[Stored data entries]
○ ○ ○ ○
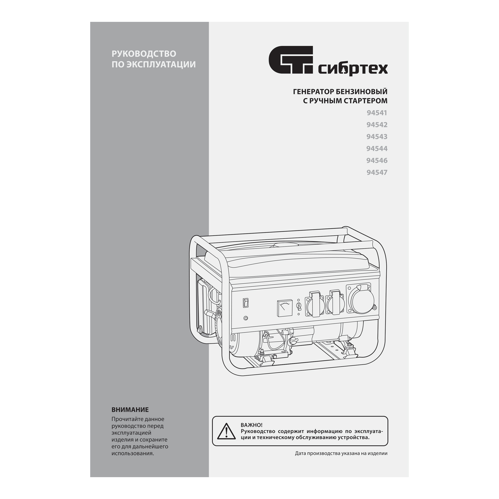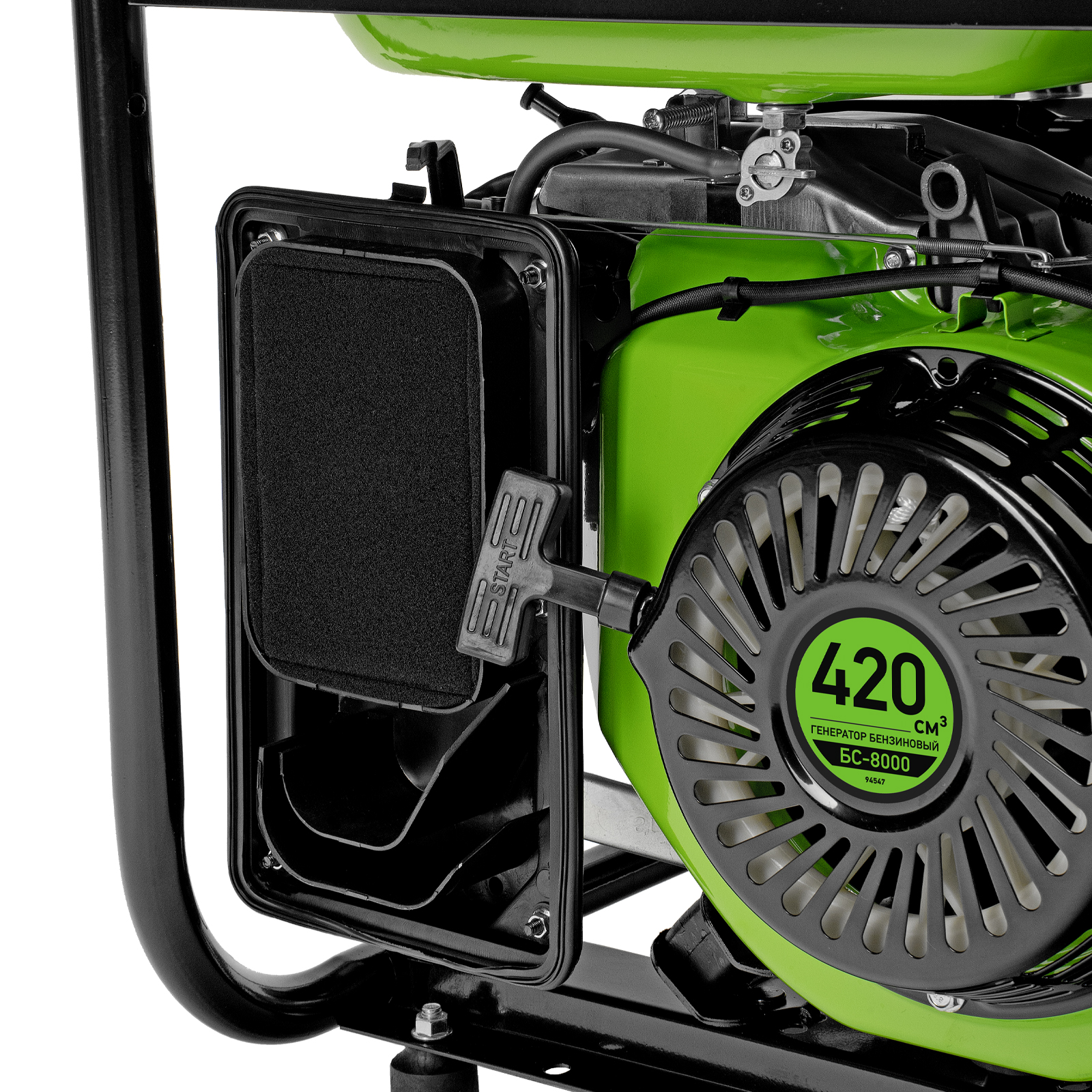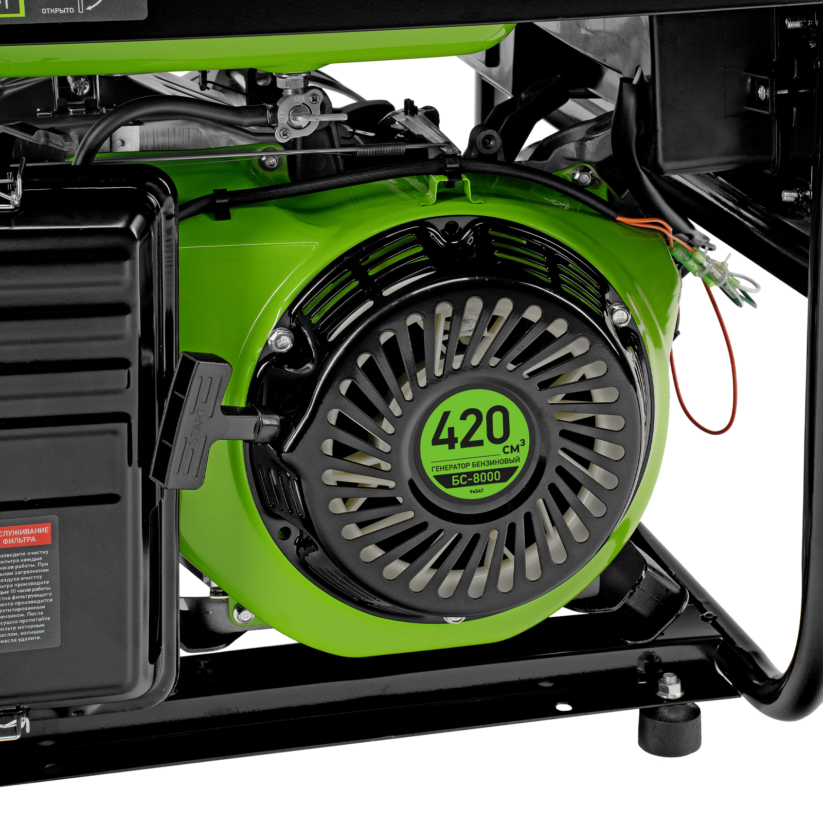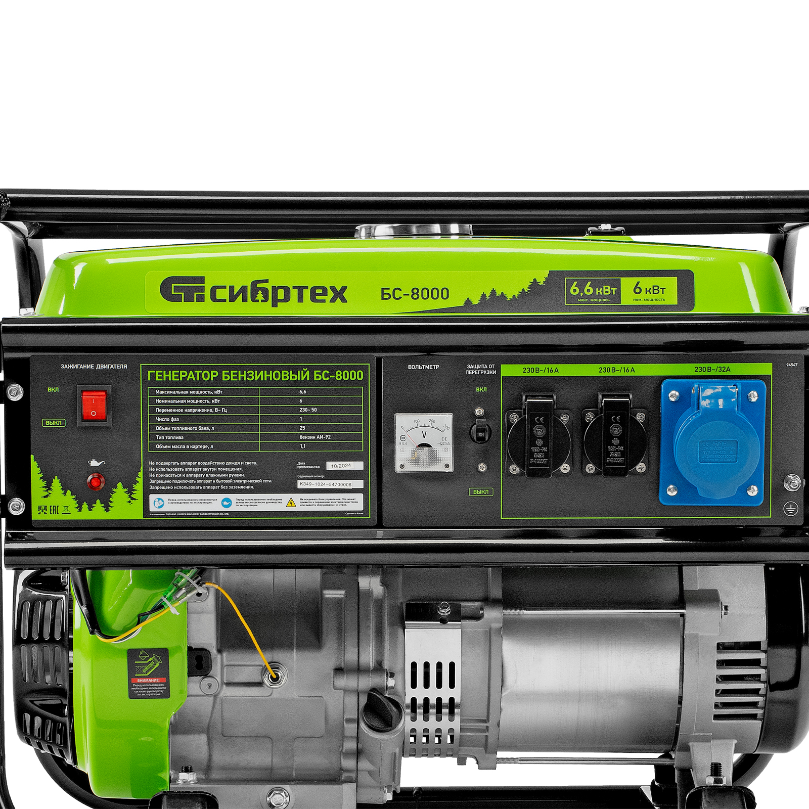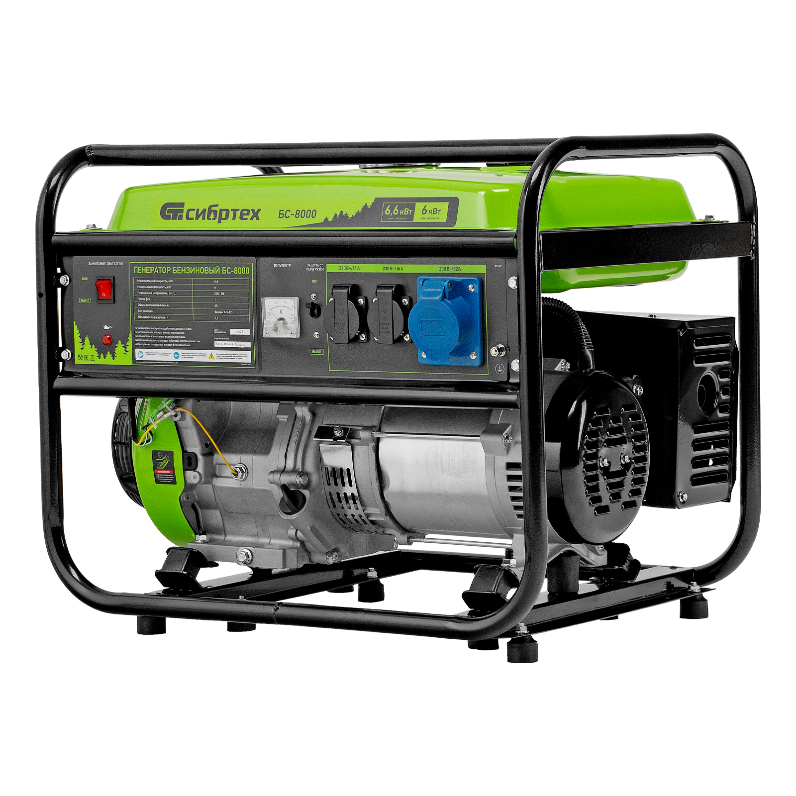 Генератор бензиновый БС-8000, 6,6 кВт, 230В, четырехтактный, 25 л, ручной стартер Сибртех в Москве
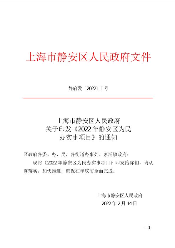 现将《2022年静安区为民办实事项目》印发给你们,请认真落实,加快推进,确保在年底前全面完成。
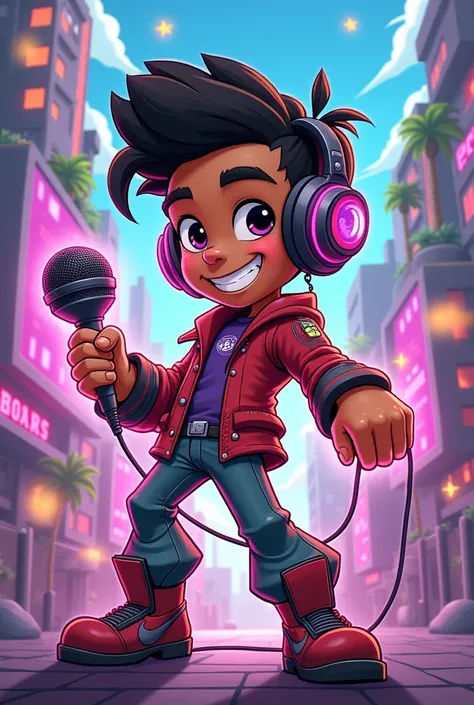 Darnell, solo, smile, simple background, 1boy, holding, standing
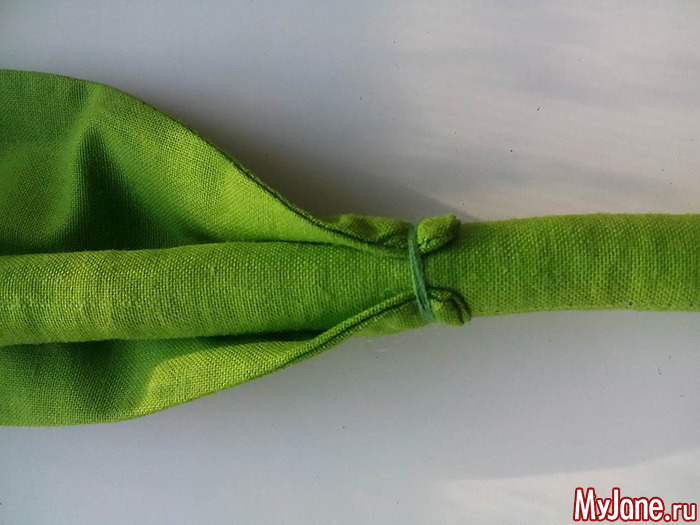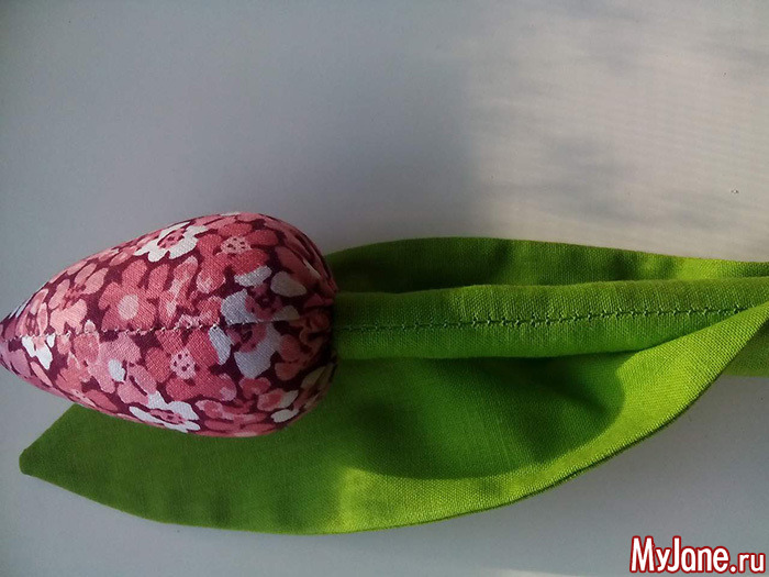 который присобираем у основания. Листок к стеблю закрепила просто ниткой в тон.
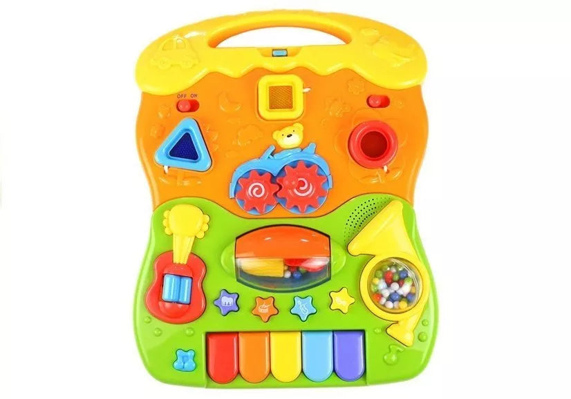 Daugiaspalvis skydelis užpildytas spalvotomis švieselėmis ir mygtukais. Mažylis gali žaisti su besisukančiais barškučiais, raktais ir elementais ant virvelių. Žaislas turi jungiklį ir garsumo reguliavimo funkciją, kuri praverčia, be kita ko, ir vakare. Kaip kūrybiškai panaudoti skydelį? Įvairiais būdais! Paspaudus žvaigždutes, vaikas išgirs smuiką, trimitą ir net būgną. Paspaudus visas žvaigždutes vienu metu, suaktyvinama bendra melodija. Paspaudus elementą ant gitaros, ji bus suaktyvinta, o vaikas pamatys spalvingas šviesas – panašiai veikia ir teisingai parinktos figūros ant stygų. Žaislas taip pat aprūpintas mažu pianinu, kuriuo mažylis gali kurti savo kompozicijas.
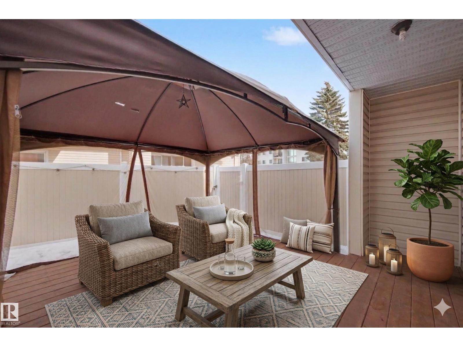 Pet Friendly!! Beautifully maintained 2 bedroom, 2 bathroom end unit offering comfort, convenience, and thoughtful updates throughout (new paint and some new light fixtures)! This bright corner unit features an updated kitchen with modern backsplash, opening to a functional living space perfect for everyday living. Enjoy outdoor living with a new deck, new fence, and a convenient side gate—ideal for easy access on garbage day. The welcoming front porch adds charm, while the energized parking stall is located right out front—no more long winter walks to start your car! Additional storage is found in the basement and under the stairs, providing plenty of space to stay organized. Located in a fantastic area with easy access to Clareview Transit Centre, LRT, schools, shopping, restaurants, and all amenities. A perfect opportunity for first-time buyers, investors, or anyone looking for low-maintenance living in a great location! - some photos are virtually staged (id:63190)
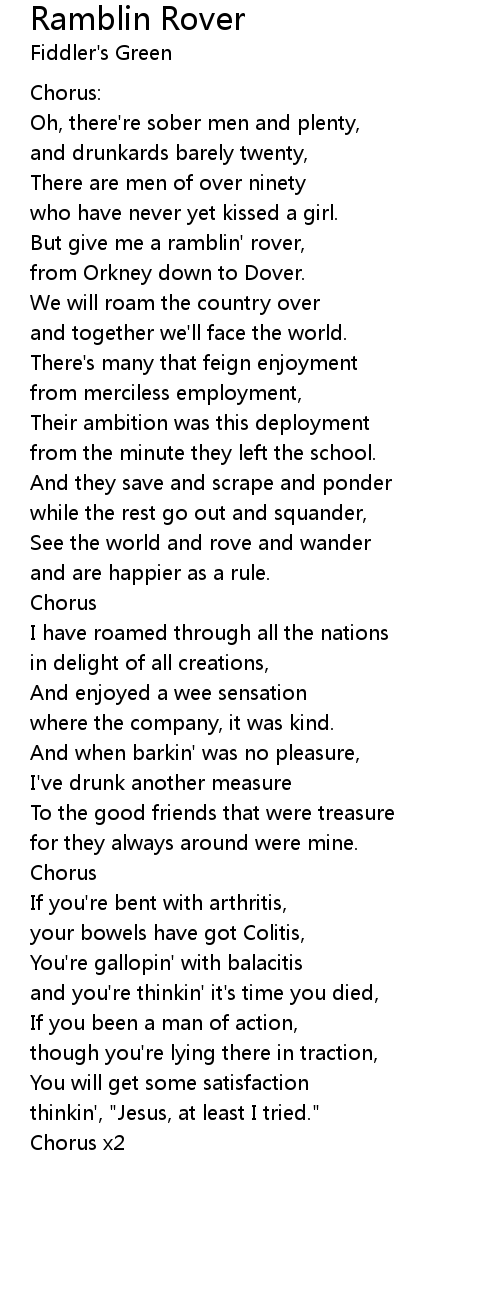 But give me a ramblin' rover,
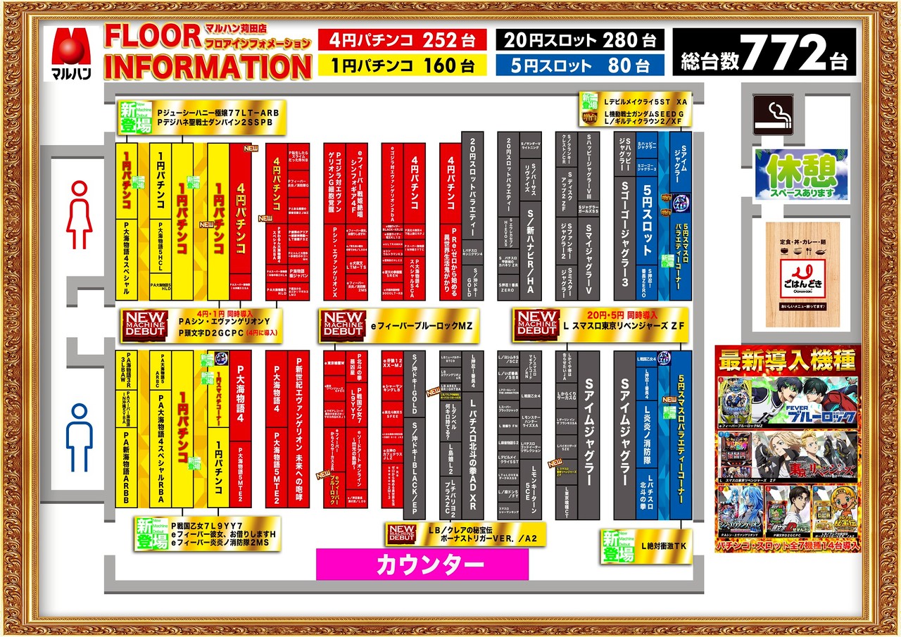 毎月1日の九州マルハンナンバーワン(今月は色が赤から青に変更)。今回は16店舗合同で東京喰種の扱いが良さそうでした👏
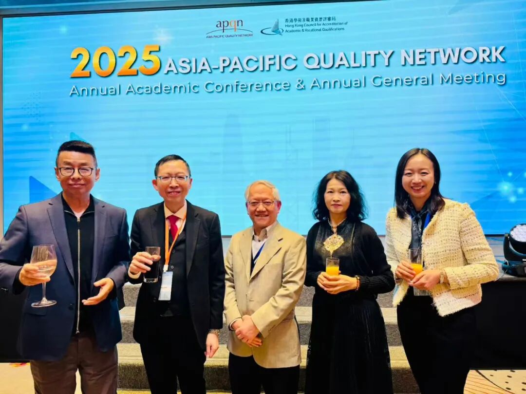 陆丹博士(左一)、车怡博士(左四)与香港学术及职业资历评审局领导合影
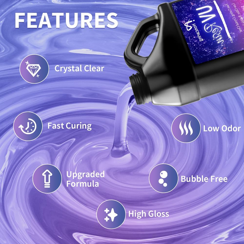 - Less Bubble & Low Odor: Made by upgraded formula, this UV resin is low odor and has less bubble, helping you create more transparent and yellow-resistant UV resin crafts. With crystal clear UV resin, your DIY craft will be more attractive and long-lasting
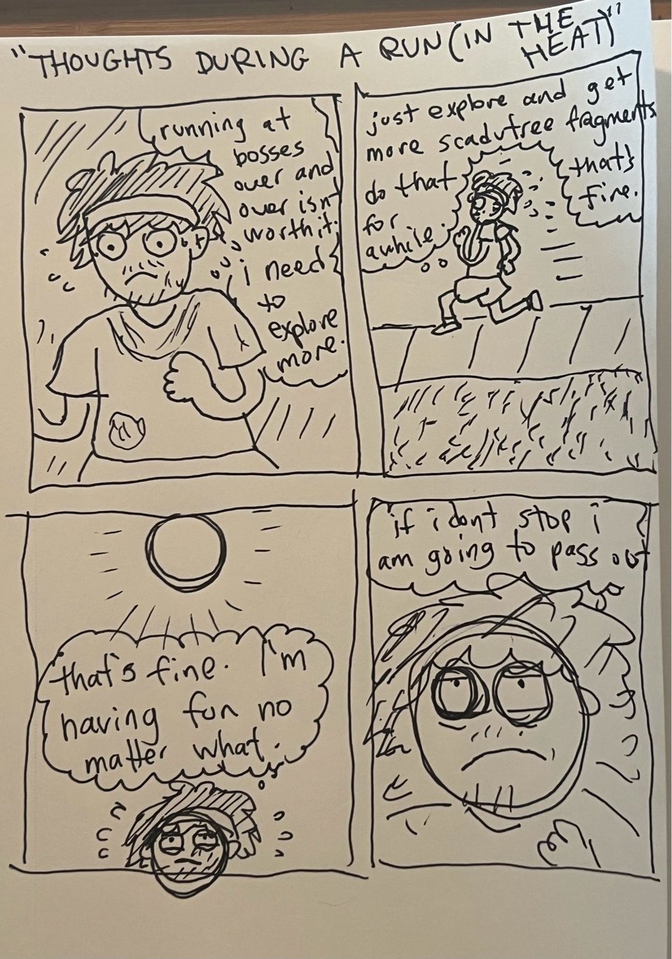 I’ve also shied away from making autobiographical comics lately, so making a quick little one about my sweltering runs was nice. And it was heartwarming to see so many people not only posting their own little comics, many of which never actually drew before. And some of them are continuing to make more!
○ ○ ○ ○
Exercise description: Repeat only the lines between the start of the data and the line with "Darnell, solo, smile, simple", including those two lines, and skip the pictures.

Response for this exercise:
 Генератор бензиновый БС-8000, 6,6 кВт, 230В, четырехтактный, 25 л, ручной стартер Сибртех в Москве
 现将《2022年静安区为民办实事项目》印发给你们,请认真落实,加快推进,确保在年底前全面完成。
 Darnell, solo, smile, simple background, 1boy, holding, standing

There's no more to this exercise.